A way to improve Decision Tree

pahulpreet_singh · March 30, 2020, 5:25pm

I used decision tree regression for this challenge, and in a decision tree, the number of nodes decide how overfitting or undercutting the model is. And I wanted to chose a number of nodes in which the number of nodes is minimum, so I plotted the error vs the number of nodes using matplotlib:

I followed Mean Absolute Error to chose the number of nodes because it was the judging criteria as well (but the saturation more or less happens in Root Mean Square error around the same point) (P.S. I feel the secondary score might actually be RMS error)

It was my first time with anything to do with Machine Learning, so please correct me if I’ve used any wrong terminology, etc. Also please suggest if you have ways in which I can improve my model, would love to learn.

pahulpreet_singh · March 30, 2020, 5:28pm

By the way, this is what I actually plotted:

Screen Shot 2020-03-30 at 9.48.48 PM

I used 1000-10000 range initially because with 80 features, thousands of branchings in a Decision Tree are expected. The get_error() function is simply returning me the mean absolute error and the root mean squared error.
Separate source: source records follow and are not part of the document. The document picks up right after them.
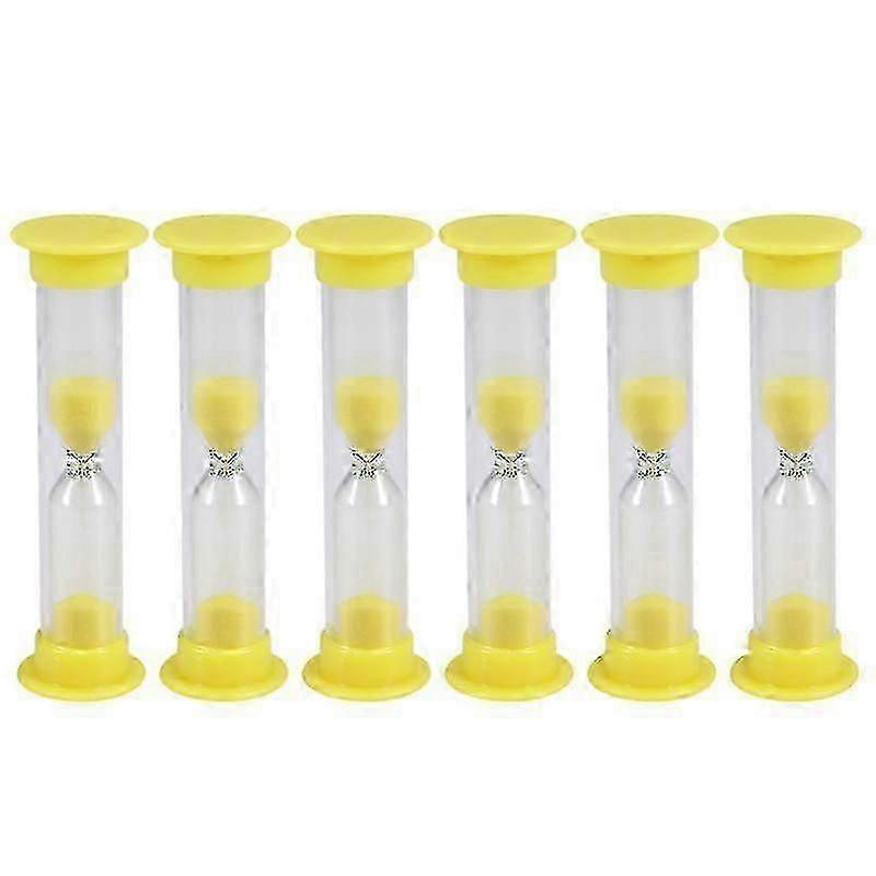 6pcs 3 Minutes Sandglass Plastic Sandglass Mini Children Brushing Timer Sand Clock Timers For Kids (Yellow)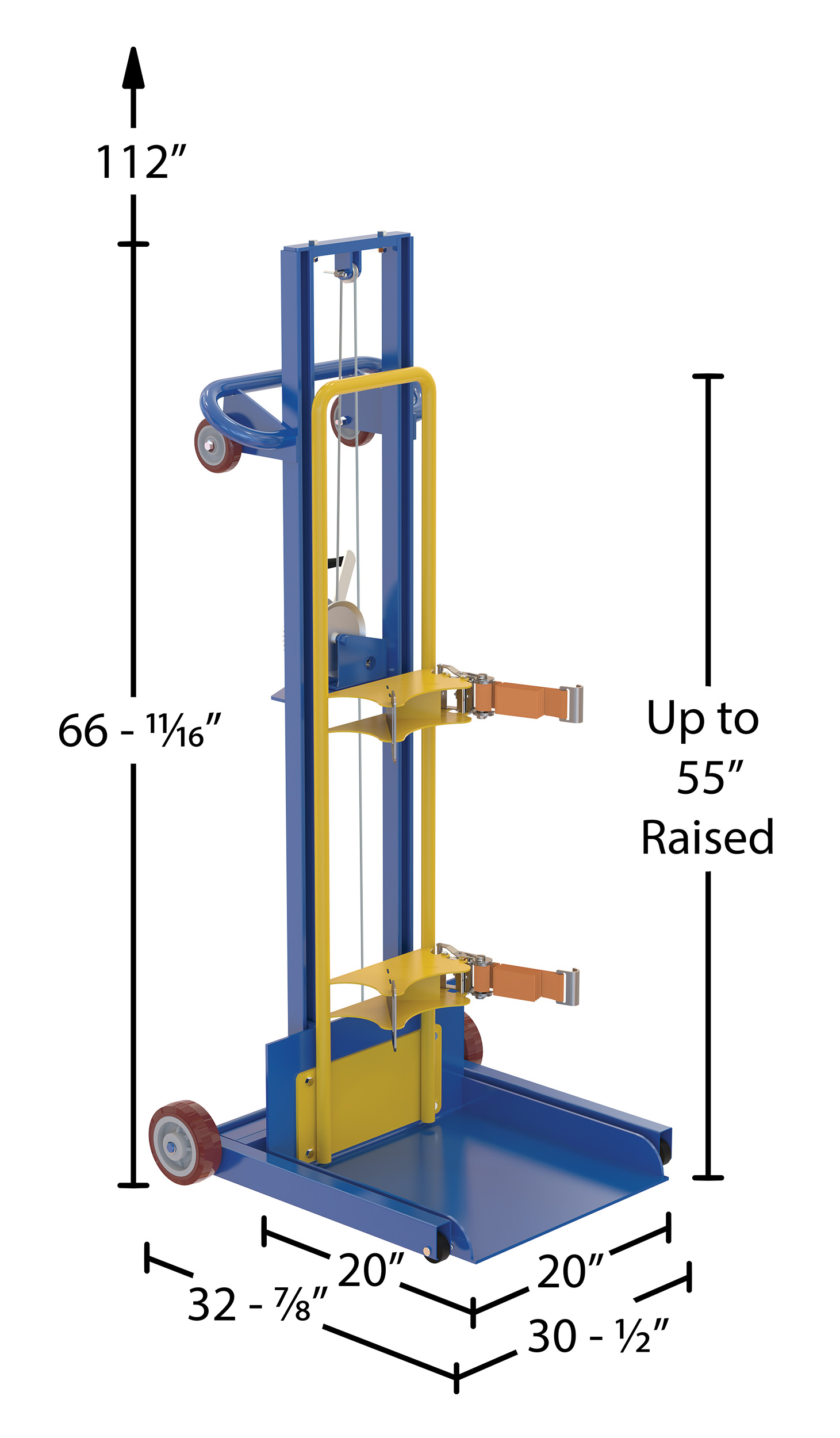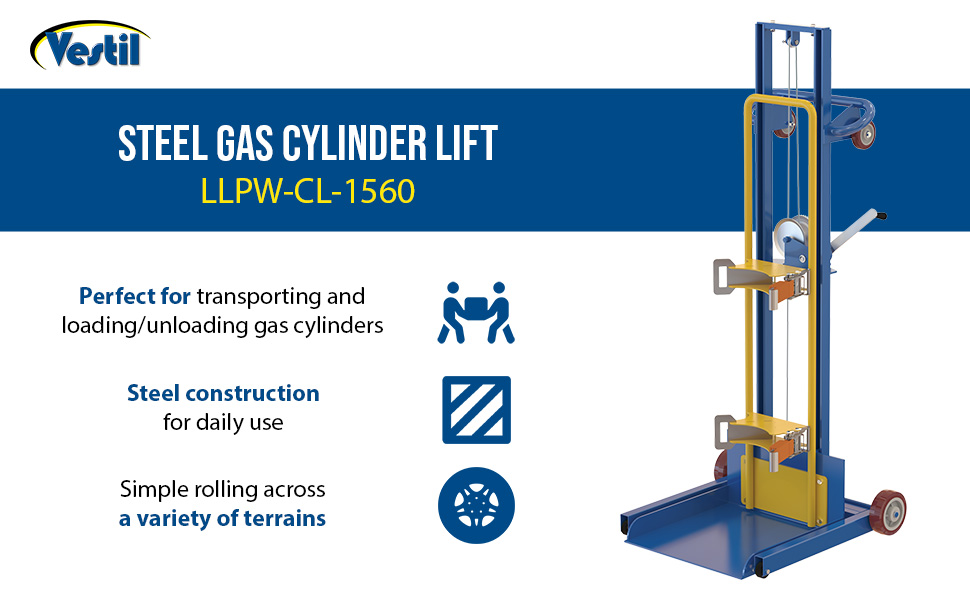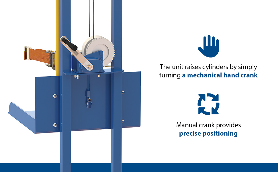 Perfect for transporting gas cylinders and loading them onto a truck. This unit raises cylinders by simply turning a mechanical hand crank to the desired height. Maximum cylinder diameter 11-1/2" x 56" tall. Cylinder is held in place with a tough polyester webbing strap that guards against damage and slipping.
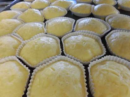 ☆今日のデザートは『チーズ蒸しパン』でした。もちろん給食室で生地から手作りです。かくし味として豆乳も入れているので栄養満点です。調理員さん達がカップに1つ1つ生地を入れてオーブンで蒸しました。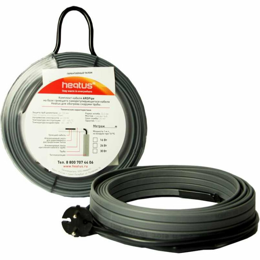 | Комплектация | греющий кабель; токоподводящий кабель с вилкой; инструкция по монтажу |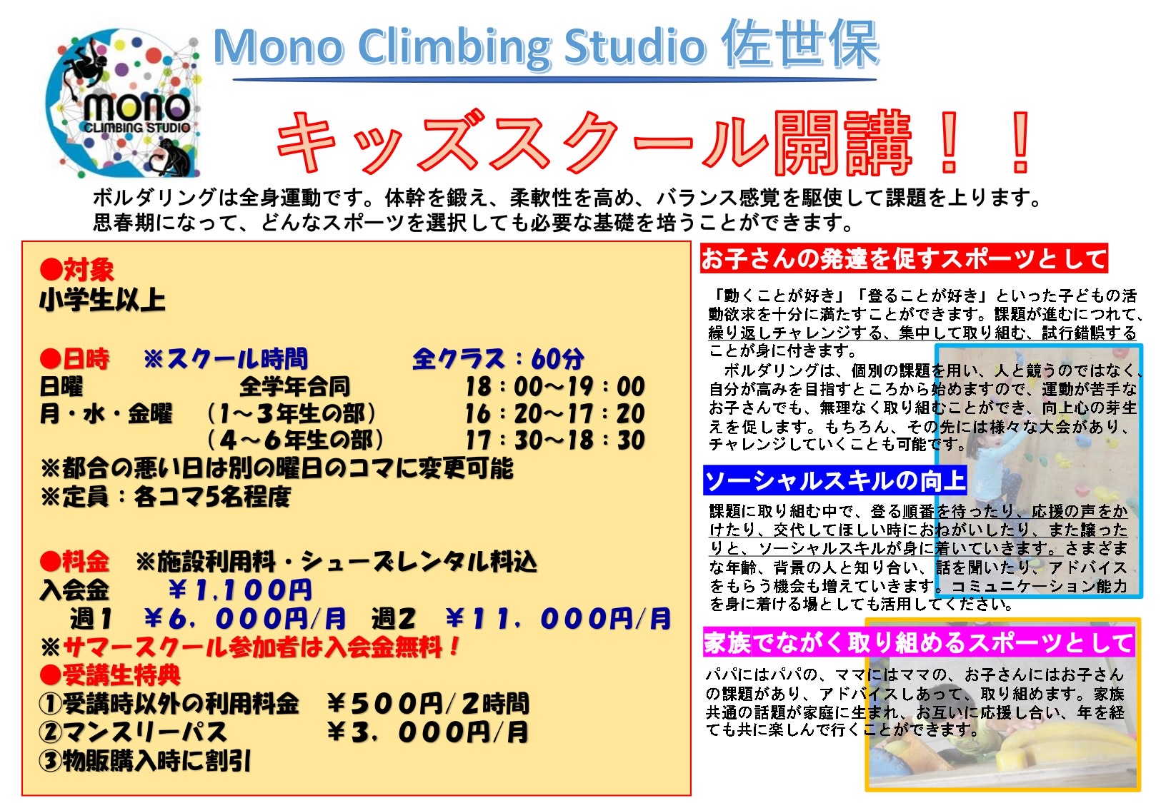 この度、9月からキッズスクールを開講いたします。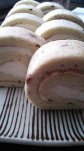 そして、食べる前に生クリームとこちらも自家製♪りんごとシナモンのジャムを添えて~(^o^)ちょっと早いですが、クリスマスみたいなロールケーキになりました(о´∀`о)

Now I changed my range of ‘n’ multiple times to get different graphs, and then I chose the one I thought was the best. (After a point there is not much change in the error, you can say it nearly saturates). I followed Mean Absolute Error to chose the number of nodes because it was the judging criteria as well (but the saturation more or less happens in Root Mean Square error around the same point) (P.S. I feel the secondary score might actually be RMS error)

darthgera123 · March 31, 2020, 6:44pm

Hi
Yes secondary score for the challenge is Root Mean Square error.

elonjigar · June 8, 2021, 6:14am

The RMSE is an indication of the noise levels in the scale of standard deviations. When we fit linear regression model and if in case we need to use dummy variable for observed but unpredictable spike( this is know as episodic events) then there could be possibility that model is over fit in forecast periods. It means that instead of switching off episodic events, our model also captured the error terms ( this is the one of the difficult task to differentiate random error and episodic events). So in forecast, if we want to check the accuracy of the model and avoid over fit and any episodic event in future; we can square root the MSE value and due to square root, model avoids outliers (robust against extreme values) in the forecast period. As we cannot model spike in the forecast period.